## WHAT TO DO
Where the data below shows a picture, leave that picture out and copy the rest exactly.

______

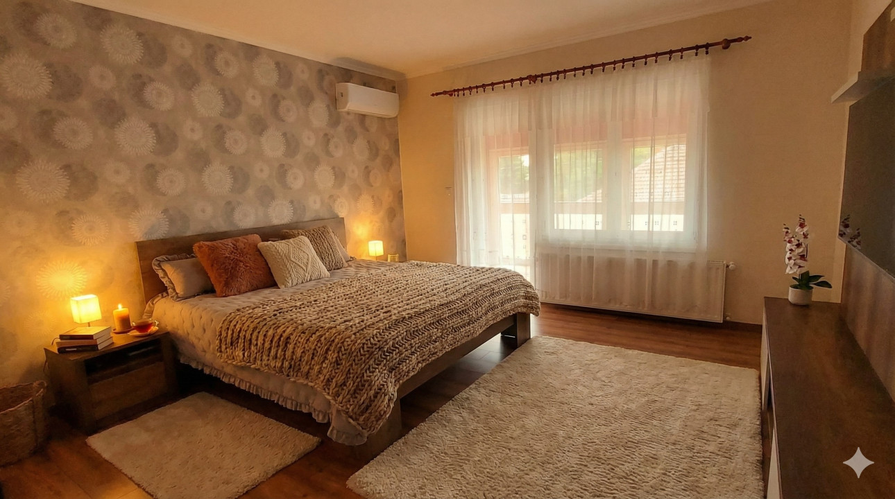Ez a ház a "rezsibajnok" kategória csúcsa: a masszív napelempark és a modern szigetelés garantálja, hogy az energiaárak változása Önnek ne okozzon fejfájást. Ide tényleg csak a bőröndöket kell hozni.
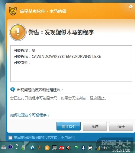 插入无线键鼠发射器安装驱动时,疑似木马报警
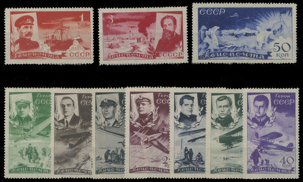 1935, Chelyuskin Rescue, 1k-50k, complete set of ten, full OG, LH or hinged, mostly VF, C.v. $1,032, Est. $500-$600 , Scott #C58-67
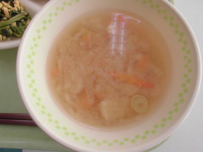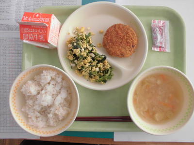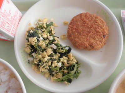 2020年11月17日 11時09分遅くなりましたが、昨日の給食です。ご覧の通りのおいしそうなメンチカツ。これはうまい。ふっくらサクサクそしてジューシー。最高でした。そしてちょっぴり気づいたことがあります。メンチカツにソースをつけて、しばらく置いておき、衣がしっとりしてきたところで食べると・・・・う、う、う、うまい!サクッとした衣もいいですが、このしっとり衣もいいですね。ほうれん草のたまごチーズ和えは、大好きメニューです。卵とチーズの相性が抜群です。とてもおいしくいただきました。ごちそうさまでした。
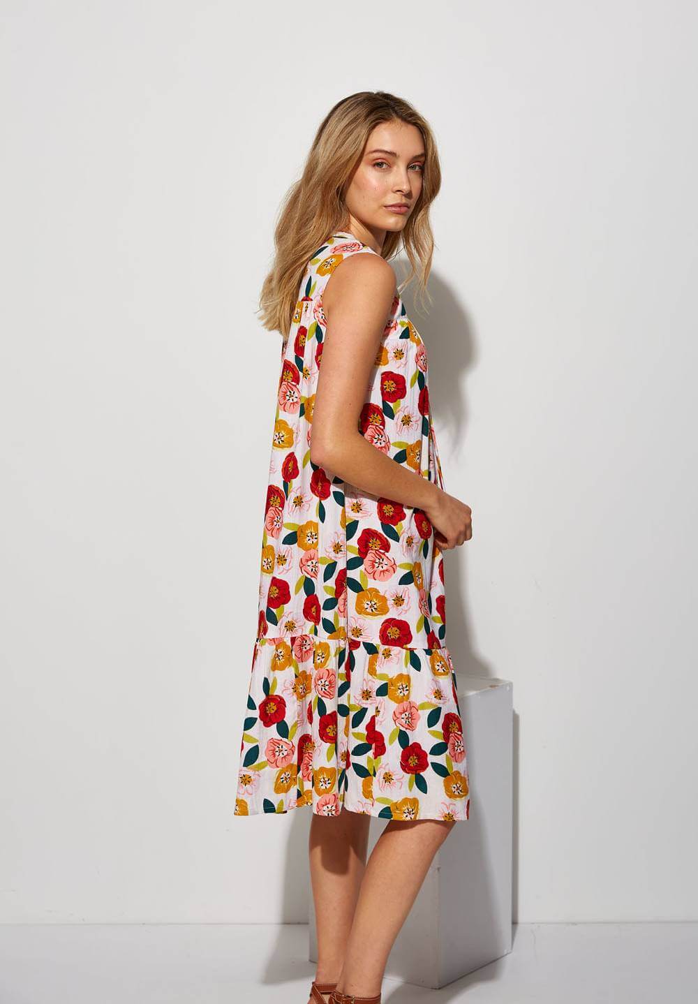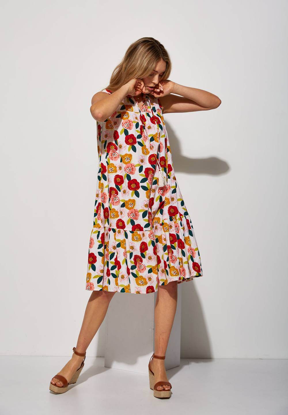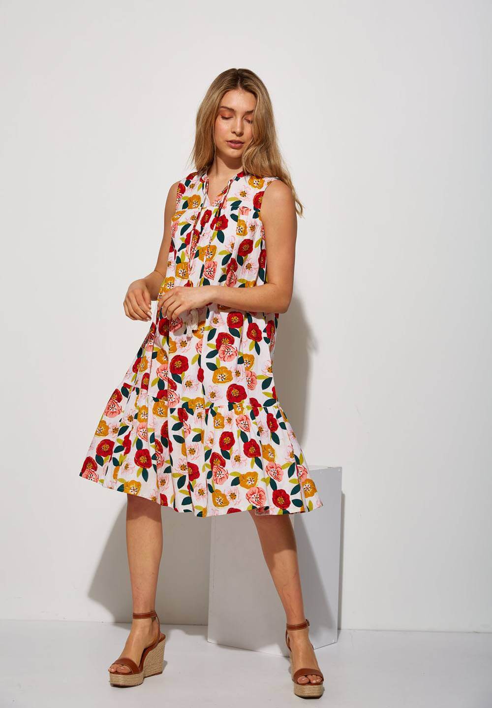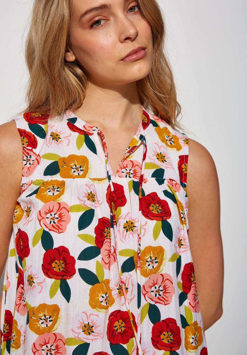 Projetado pela Md`m para mulheres decididas e atraentes, inspira-se nesta coleção em viagens ao redor do mundo. Pense em roupas brilhantes e bonitas, com prints únicos. Bordados inconfundíveis, que a levarão bela até ao final da jornada da trabalho. Assim é este vestido de cavas c/ print floral da Md`m. Apresenta um decote redondo e manga à cava. Pode ser usado com casaco ou blusão por cima. A modelo está a vestir o tamanho 36.

______

## SOLUTION FOR THIS PROBLEM
Ez a ház a "rezsibajnok" kategória csúcsa: a masszív napelempark és a modern szigetelés garantálja, hogy az energiaárak változása Önnek ne okozzon fejfájást. Ide tényleg csak a bőröndöket kell hozni.
 插入无线键鼠发射器安装驱动时,疑似木马报警
 1935, Chelyuskin Rescue, 1k-50k, complete set of ten, full OG, LH or hinged, mostly VF, C.v. $1,032, Est. $500-$600 , Scott #C58-67
 2020年11月17日 11時09分遅くなりましたが、昨日の給食です。ご覧の通りのおいしそうなメンチカツ。これはうまい。ふっくらサクサクそしてジューシー。最高でした。そしてちょっぴり気づいたことがあります。メンチカツにソースをつけて、しばらく置いておき、衣がしっとりしてきたところで食べると・・・・う、う、う、うまい!サクッとした衣もいいですが、このしっとり衣もいいですね。ほうれん草のたまごチーズ和えは、大好きメニューです。卵とチーズの相性が抜群です。とてもおいしくいただきました。ごちそうさまでした。
 Projetado pela Md`m para mulheres decididas e atraentes, inspira-se nesta coleção em viagens ao redor do mundo. Pense em roupas brilhantes e bonitas, com prints únicos. Bordados inconfundíveis, que a levarão bela até ao final da jornada da trabalho. Assim é este vestido de cavas c/ print floral da Md`m. Apresenta um decote redondo e manga à cava. Pode ser usado com casaco ou blusão por cima. A modelo está a vestir o tamanho 36.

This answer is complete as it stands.